Sebelum makan malam, kami berjalan-jalan di pantai sambil menyalakan kembang api. Saat kembali ke tenda untuk tidur, datang serombongan orang lagi. Mereka membuat api unggun sambil menyanyi di dekat tenda kami. Kami tidak terlalu memedulikan mereka karena ngantuk.

Pagi harinya, pantai ramai oleh rombongan mahasiswa. Batal deh mandi pagi di laut. Kami kemudian memilih untuk sarapan. Tiba-tiba, pemilik warung datang. Kami terburu-buru makan lalu cepat-cepat membereskan tenda dan peralatan masak.

Kami memasang tenda dan menggelar matras di bawah pohon mahoni besar. Mulai pukul sepuluh, ada banyak rombongan dan keluarga datang. Kami bertiga terlihat seperti orang aneh yang kemping ditengah-tengah sekitar 300an orang. Rombongan lain sudah memberesi tendanya dan pulang.

Setelah jam 12 siang, air mulai pasang. Lagi-lagi kami memindahkan tenda. Sore harinya, pasang semakin tinggi dan kami memindahkan tenda lagi.

Pantai mulai sepi setelah pukul lima. Rombongan kami bertambah menjadi sembilan orang saat Jhon dan kawan-kawannya bergabung. Kami beramai-ramai menggelar matras di pinggir pantai sambil membuat api unggun.

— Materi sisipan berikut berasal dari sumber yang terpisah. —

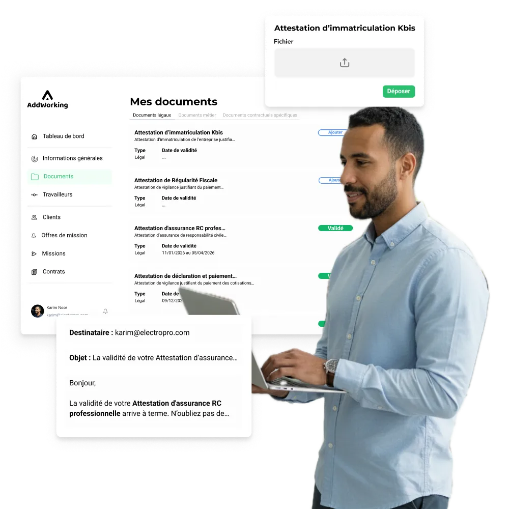AddWorking contrôle automatiquement les documents légaux obligatoires de vos partenaires :

Pagi harinya, pantai terlihat lebih menyenangkan karena hanya ada beberapa orang di sana. Senangnya bisa menyusuri pantai yang bersih dari ujung ke ujung tanpa memakai alas kaki. Kami bersembilan kemudian ramai-ramai sarapan dengan menu mie dan kepiting buruan tadi malam.

Setelah kenyang, kami bermain ombak. Seru, karena ombak di pantai ini kencang sekali. Beberapa orang bahkan mencoba surfing menggunakan matras. Permainan berganti menjadi lomba menangkap trangia saat peralatan masak yang hendak dicuci Manying terbawa ombak. Puas bermain air, kami bermain pasir.

Makan rame-rame. Ada yang pakai sumpit, sendok pinjaman, botol minum, dan ranting pohon.

Sekitar pukul sepuluh, pantai mulai ramai. Ada banyak rombongan bus dari luar kota datang dan kami memutuskan untuk pulang.